(Work instructions) What you return must match, exactly, the lines running from the one containing "cozycozyでは、お客様" to the end of the data, both included, and must contain no pictures.

(Data excerpt)
Start of Block
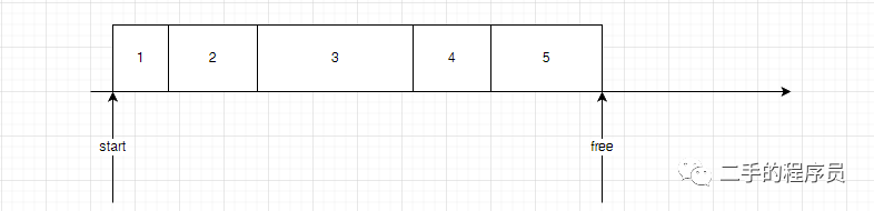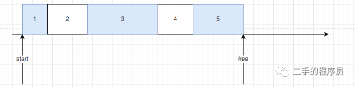 mark 过程结束之后,每个可达对象就已经被标记了,其他的都是垃圾。举个例子,假设我们分配了 5个 heap block,如下:
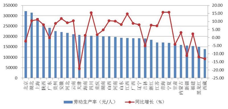 圖6 2018年上半年各地區(qū)按建筑業(yè)總產(chǎn)值計(jì)算的勞動(dòng)生產(chǎn)率及增速
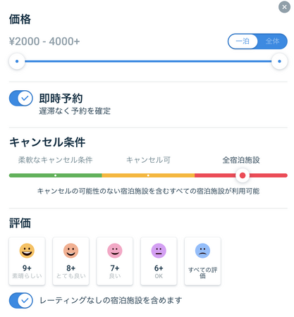 cozycozyでは、お客様が簡単に予算やキャンセル条件に合った宿泊施設を見つけられるよう、検索オプションを充実させています。予算に合わせて価格帯を絞り込んだり、フレキシブルなキャンセルポリシーや返金条件を選択することで、お客様は安心して予約ができます。
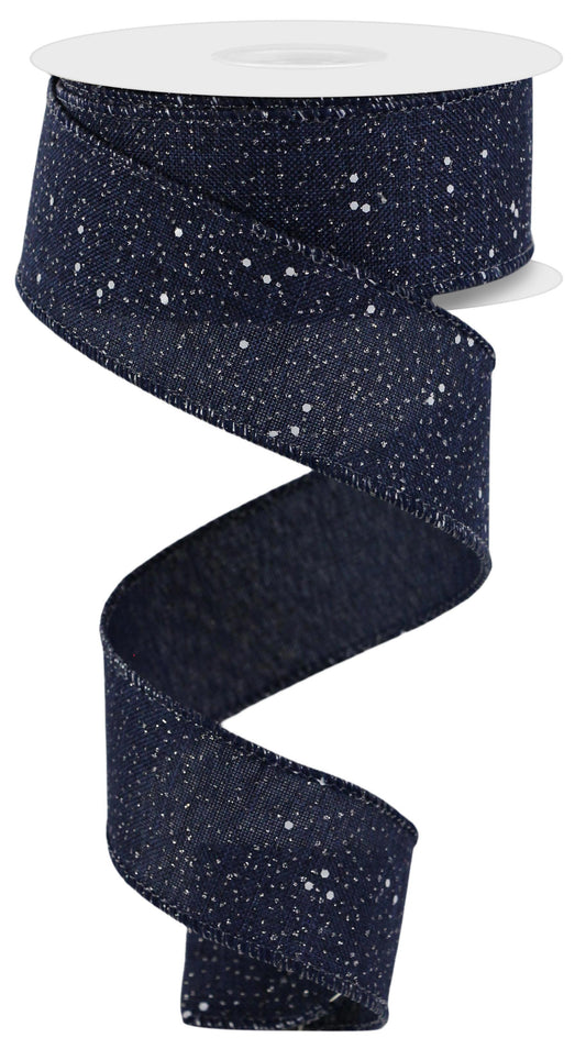 Wired Ribbon * Multi Snow Glitter * Navy and White Canvas * 1.5" x 10 Yards * RGC129119
End of Block
(Response to this task)
 cozycozyでは、お客様が簡単に予算やキャンセル条件に合った宿泊施設を見つけられるよう、検索オプションを充実させています。予算に合わせて価格帯を絞り込んだり、フレキシブルなキャンセルポリシーや返金条件を選択することで、お客様は安心して予約ができます。
 Wired Ribbon * Multi Snow Glitter * Navy and White Canvas * 1.5" x 10 Yards * RGC129119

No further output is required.